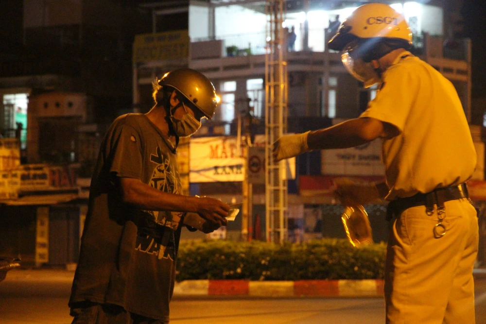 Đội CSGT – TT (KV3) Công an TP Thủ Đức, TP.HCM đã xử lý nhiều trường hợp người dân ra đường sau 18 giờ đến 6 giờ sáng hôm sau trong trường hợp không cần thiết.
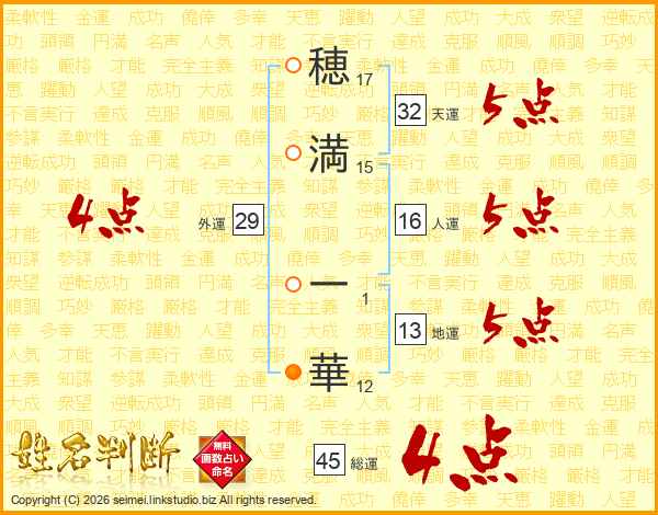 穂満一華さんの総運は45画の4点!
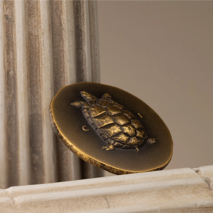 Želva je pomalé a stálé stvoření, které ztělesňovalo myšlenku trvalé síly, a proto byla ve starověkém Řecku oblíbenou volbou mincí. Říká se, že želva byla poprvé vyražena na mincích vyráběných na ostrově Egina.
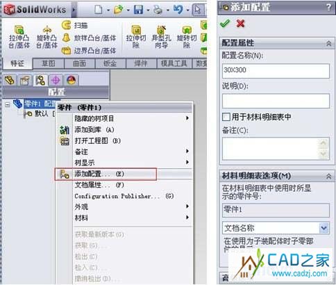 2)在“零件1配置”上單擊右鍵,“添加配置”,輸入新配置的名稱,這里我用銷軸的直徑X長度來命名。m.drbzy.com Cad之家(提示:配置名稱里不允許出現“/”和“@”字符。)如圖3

○ ○ ○ ○ ○ ○ ○

◆ **WORK TO COMPLETE**: Please write out only the material above, exactly, from its first line through the line that contains "Želva je pomalé", and include no pictures.

◆ **RESULT FOR THIS TASK**:
 Đội CSGT – TT (KV3) Công an TP Thủ Đức, TP.HCM đã xử lý nhiều trường hợp người dân ra đường sau 18 giờ đến 6 giờ sáng hôm sau trong trường hợp không cần thiết.
 穂満一華さんの総運は45画の4点!
 Želva je pomalé a stálé stvoření, které ztělesňovalo myšlenku trvalé síly, a proto byla ve starověkém Řecku oblíbenou volbou mincí. Říká se, že želva byla poprvé vyražena na mincích vyráběných na ostrově Egina.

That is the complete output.